I’ve talked to a long list of customers who tried some form of power management but rolled back because of unacceptable performance impact for some, usually critical, applications. In every single one of these discussions and subsequent tests, we managed to arrive at a configuration that fulfilled the main criteria: no measurable performance impact when running with the ESXi Balanced policy and guaranteed BIOS Maximum Performance when setting ESXi High Performance (in the unlikely event it should become necessary).
The majority of those earlier failures were methodology related, for example starting from a dynamic / default BIOS power profile and then just enabling P and C-States for “OS Control” while retaining the more power efficient but performance impacting defaults of the other options in the profile. Some were due to configured energy capping or PSU redundancy issues / policies and a couple were caused by old BIOS/UEFI versions with known issues that have long been fixed.
If you are in the “we tried it and it didn’t work” camp, I encourage you to give it another go on an up-to-date BIOS and following the below configuration guidelines.
OS Control
The recommendation to configure the BIOS to “OS Control” and let ESXi use its own Power Policies is widely publicized and correct in principle but sadly not granular enough. For one, the terminology varies widely between hardware vendors and sometimes even in between policy names depending on the interface (BIOS vs. LOM). It could refer to a power policy, it might also be the value of individual options, like P-States or the Intel Energy Performance Bias.
C1E
Enhanced C1 is using CPU model specific heuristics to possibly idle deeper than C1. This is completely transparent to the guest OS and while it might save some power, esp. when the OS is not configured to using deep C-States itself, it also makes the C1 wake-up latency longer and non-deterministic. Hence why this should be disabled to ensure even the most latency sensitive workloads are not impacted by the base configuration.

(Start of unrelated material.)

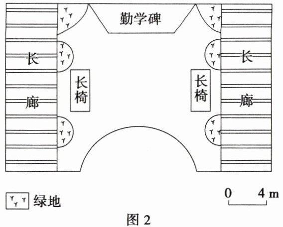 (2025·黑龙江牡丹江开学考试)某学校组织绘制校园平面图的地理实践活动,同学们积极进行测量、计算、绘制完成作品。图1为校园平面图,图2为“文修园”平面图。据此完成1~2题。

Different vendors, different options
This is not aiming to be a complete list, the process for other vendors is pretty much the same (with some exceptions covered below).
Dell
Under System BIOS Settings – System Profile Settings, everything should look like the “Maximum Performance” System Profile (but now set to “Custom”) except for:
- CPU Power Management should be set to “OS DBPM”
- C States should be set to “Enabled”
That’s it!
HPE
Under BIOS/Platform Configuration – Power Management, the main and Advanced Power Options should look like as if the Power Profile is set to “Maximum Performance” (but now set to “Custom”) except for:
- Power Regulator should be set to “OS Control” mode
- Minimum Processor Idle C-State should be set to “C6 State”
- Minimum Processor Idle Package C-State should be set to “Package C6 (retention) State”
Because there is no separate option for C1E, i.e. it is inclusive when configuring C6, you will have to disable it via ESXi boot option (disableC1E) if you want 100% control using ESXi Power Policies.
Lenovo
Under Operating Modes, everything should look like the “Maximum Performance” Choose Operating Mode (but now set to “Custom Mode”) except for:
- CPU P-State Control should be set to “Legacy”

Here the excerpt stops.